Michigan law did at one time did toll the limitations period during a person's incarceration, but in 1994 the Michigan legislature amended the tolling statute to remove imprisonment as a disability tolling the statute of limitations. See 1993 Mich. Pub. Acts 78 (effective Apr. 1, 1994); see also, Wallace v. Engler, No. 95-40273, 1997 WL 111777, *6 (E.D. Mich. January 28, 1997). However, the statute of limitations would have been tolled while plaintiff was exhausting his administrative remedies. Brown v. Morgan, 209 F.3d 595, 596 (6th Cir. 2000), citing Harris v. Hegmann, 198 F.3d 153, 157-59 (5th Cir. 1999) (per curiam).

In this case, plaintiff's complaint was filed on February 15, 2007 (D/E # 1) and, consequently, any claims would have had to have accrued after February 15, 2004, to be within the statute of limitations, absent any tolling. Defendants argue that plaintiff's claims accrued on January 19, 2004, the day plaintiff fell out of his bunk, and are therefore barred. However, while plaintiff injured himself on January 19, 2004, his deliberate indifference claim did not accrue until plaintiff was allegedly denied medical care months later. Thus, even without considering the tolling of the statute of limitations during the exhaustion of plaintiff's administrative remedies, plaintiff's claims are clearly within the statute of limitations.
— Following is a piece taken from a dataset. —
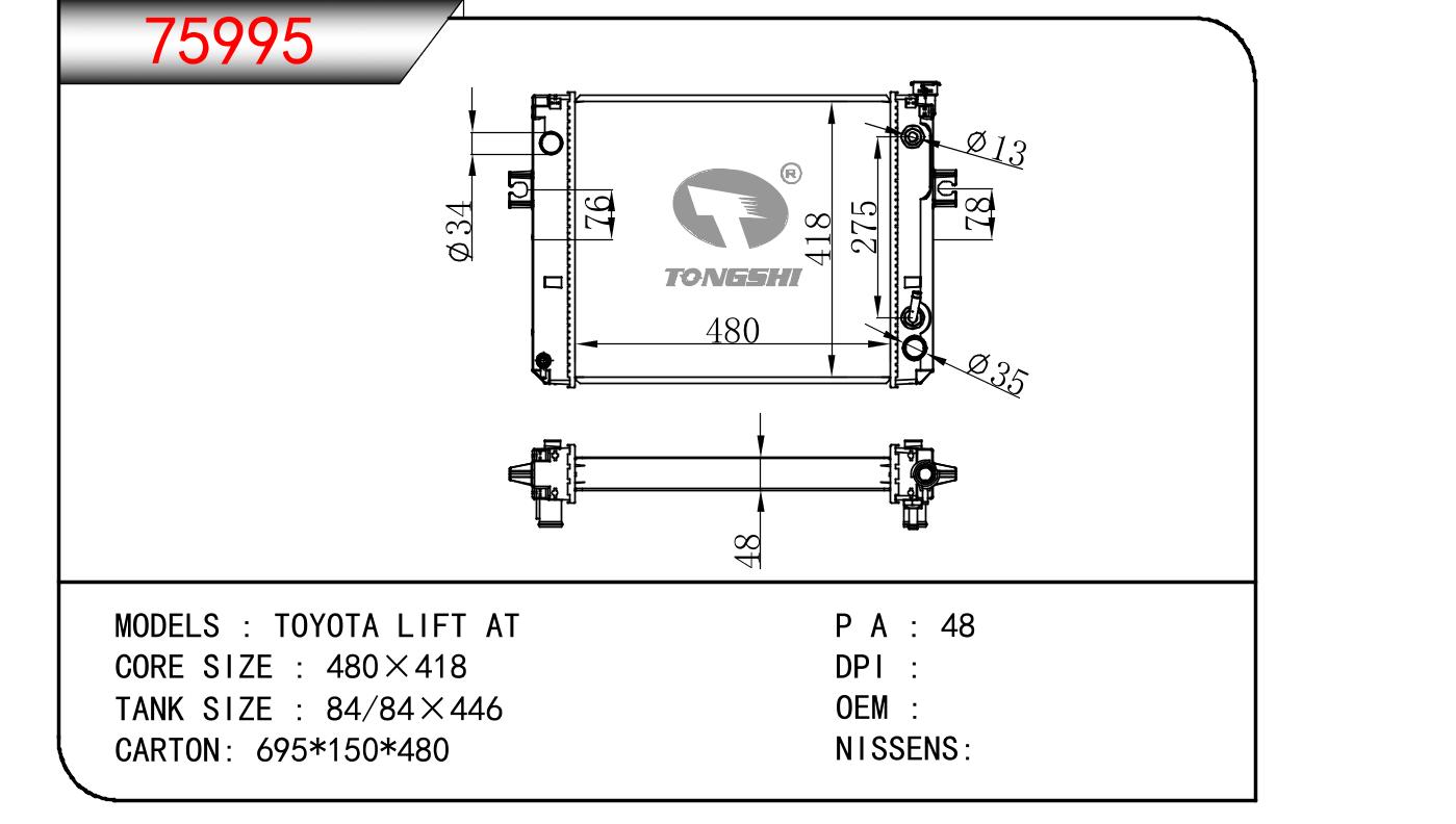 適用于奇瑞瑞虎(新款) MT散熱器 OEM : F1301000B1

3. Deliberate Indifference Claims

In any § 1983 action, the initial inquiry must focus on whether two essential elements are present: whether the conduct complained of was committed by a person acting under color of state law; and whether this conduct deprived the person of rights, privileges or immunities secured by the Constitution or laws of the United States. 42 U.S.C. § 1983; Parratt v. Taylor, 451 U.S. 527, 101 S.Ct. 1908 (1981); Gomez v. Toledo, 446 U.S. 635, 640, 100 S.Ct. 1920, 1923 (1980); Jones v. Duncan, 840 F.2d 359, 361-62 (6th Cir. 1988). Absent either element, a § 1983 claim will not lie. Christy v. Bandlett, 932 F.2d 502, 504 (6th Cir. 1991).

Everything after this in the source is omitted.